Automating traceability, not delegating it. The manual requirements traceability matrix — the engineering team’s Excel file that someone updates quarterly — is the most common single point of failure in requirements management. Leading companies are replacing it with automated traceability engines that maintain links as artifacts change, flag broken links when requirements are modified, and generate compliance reports on demand. The goal is continuous traceability, not periodic documentation.

Integrating requirements with development toolchains. Requirements that live in a separate tool from the engineering work — disconnected from the PLC IDE, the CI/CD pipeline, the model training workflow — will not be maintained. Requirements traceability works only when it is embedded in the daily workflow of controls engineers, software developers, and safety engineers. Companies achieving this are integrating their requirements platform with tools like CODESYS, TIA Portal, and their MLOps pipelines.

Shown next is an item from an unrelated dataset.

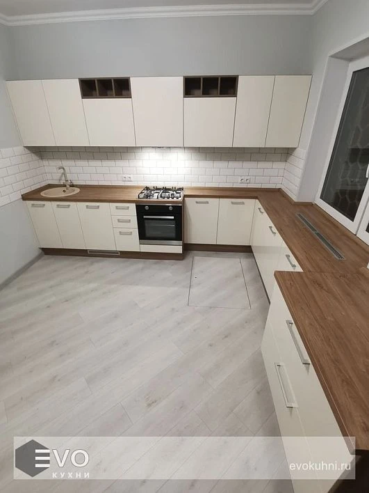 Просторная угловая уютная кухня в светлых тонах в стиле модерн.

Applying AI to requirements quality. Several industrial automation companies are now using AI-assisted requirements analysis to identify ambiguous, incomplete, or conflicting requirements before they enter development. This is not a solved problem, but early adopters are finding that automated analysis of requirement text — checking for passive voice constructions that obscure responsibility, missing verification criteria, or scope overlap with adjacent requirements — catches the class of defect that typically surfaces as a late-stage compliance failure.

Tools like Flow Engineering are positioned squarely in this direction — built for hardware and systems engineering teams, with graph-based requirements models, AI-assisted traceability, and an architecture that treats the connection between customer requirements and engineering artifacts as a living, queryable structure rather than a document. For industrial automation teams trying to close the traceability gap without adding a documentation burden on top of their engineering work, this represents a materially different approach from legacy requirements tools that were designed for aerospace and defense organizations with dedicated systems engineering departments.


The Honest Assessment

Industrial automation companies are not failing at requirements management because they lack discipline. They are failing because the software complexity of their products has outpaced the organizational and tooling infrastructure they inherited from a hardware-centric past. The gap is structural.

Closing it requires three things that are individually straightforward and collectively difficult: a requirements process that engineers will actually use, tooling that integrates into existing development workflows rather than adding parallel documentation overhead, and organizational leadership that recognizes requirements traceability as a product quality and liability issue, not a compliance checkbox.

The companies making the most progress are the ones that stopped treating this as a documentation problem. The requirement exists whether you capture it or not. The question is whether you can prove, under audit, under incident investigation, or under a product liability claim, that you knew what behavior your software was supposed to implement, that you verified it, and that you can show exactly what changed and why when something goes wrong.

That is not a documentation standard. That is an engineering standard. And the industrial automation industry is, slowly and under pressure, learning the difference.